The excited chatter from a group at a sidewalk cafe caught his attention and he turned to watch them with interest. This was not the relaxed pause of Paris, an aperitif and a moment’s contemplation of the passing scene; nor was it the calculated minute’s rest with a cool drink of bustling Berlin, when past actions were studied and future ones planned. This had a feeling of now in it; the laughing group flung money on the table, hugged each other enthusiastically, and hurried apart, calling and shouting back over their shoulders. The complete divorce from Europe suddenly struck him; the patterned sidewalks, the predominance of black faces in the crowds about him, the shop windows filled with gay but useless bric-a-brac.
He turned back to the ship, walking slowly, pondering his thoughts. Children, true, and decadent children. But with a certain vitality; yes, a definite vitality. Which someday we shall turn to an advantage, he concluded. For children can be led, and we have the destiny to lead.
He left the ship at Santos early the following morning. His bags, neatly labeled and stacked outside his stateroom door, were marked for storage at the residence of the German consul in São Paulo. He carried with him only a small bag with a change of clothing, and a briefcase with his diary and his papers. His passage through customs was accelerated by the presence of a rigid young man who presented himself on board with a note from the consulate, and who returned immediately aboard ship to handle the transfer of the other luggage.

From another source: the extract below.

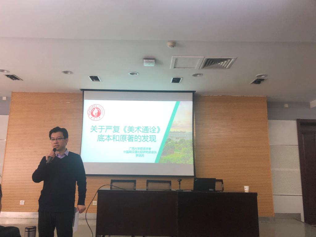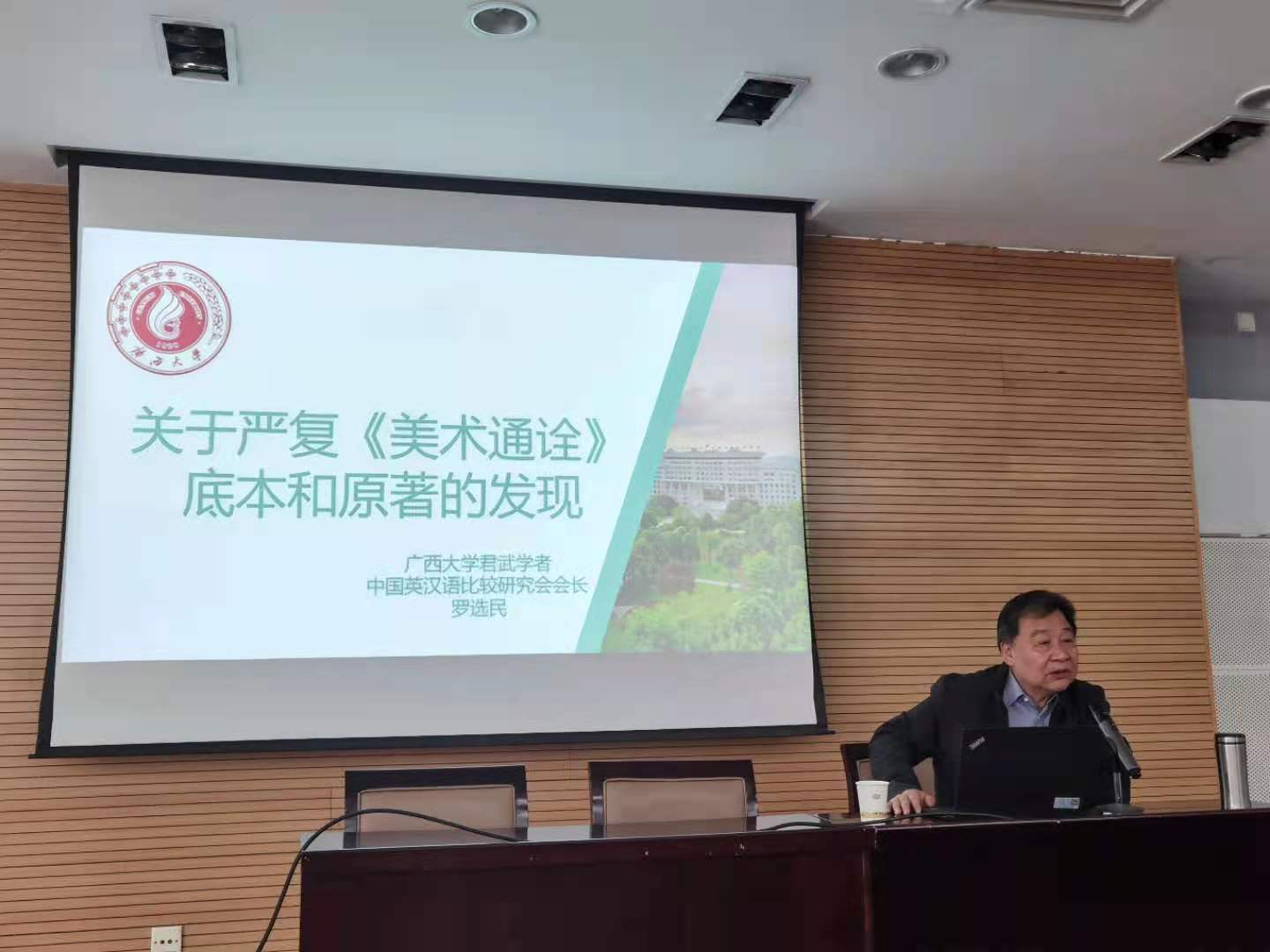 2021年4月16日上午,公司第一百三十三场著名学者系列讲座——严复《美术通诠》底本和原著的发现,在雁塔校区崇鋈楼思齐堂成功举办。广西大学君武学者罗选民教授受邀担任主讲人,公司太阳集团tyc4633副经理刘全国教授担任主持人。太阳集团tyc4633全体研究生参与并认真聆听了本次讲座。

A car was waiting outside the customs shed, and a chauffeur sprang down to take the bags and open the rear door. Von Roesler nodded to the silent figure within and, closing the door, leaned forward to slide shut the glass partition behind the driver’s seat. They pulled away from the docks, bumping over the rough pavement. It was not until they were through the city and speeding past the banana plantations at the foot of the mountains that von Roesler turned to the silent figure at his side.
“Well?” he asked coldly.
The elderly man beside him, muffled in an overcoat despite the growing heat of the day, smiled wryly. “Not even a ‘hello’ first, Erick?” he asked gently.
Von Roesler clamped his jaws on the first words that rose to his lips; this was no time for temper. To cover the silence that had fallen, he reached over and opened the window a crack. “I’m sorry,” he finally said, forcing humiliation into his voice. “But you know the situation, Uncle Ernst. Or you should. Time is running out, and I have a job to do.” He paused and stared out of the car window. They were climbing the winding road of the mountain, and the ocean was spread below them, a scene of incredible beauty, but he saw none of this. He tried to smile casually, hating the feeling of inferiority, of callowness, that he had always suffered as a child with his father’s brother. He’s a senile old fool, he thought, and I am Erick von Roesler of the SD. “How have you been, Uncle Ernst?”
The old man looked at him sideways, crouching in his overcoat. “Cold,” he answered grimly, honestly.
Von Roesler laughed. “After fifteen years in the tropics? In Brazil? Uncle, Uncle! You were born cold!”
There was a sudden rustling from the other, as if he were attempting to burrow deeper into his overcoat. “Yes,” said his uncle slowly. “You and I. We were both born cold.” He hastened his next words, as if to pass an unpleasant moment. “And how is your mother?”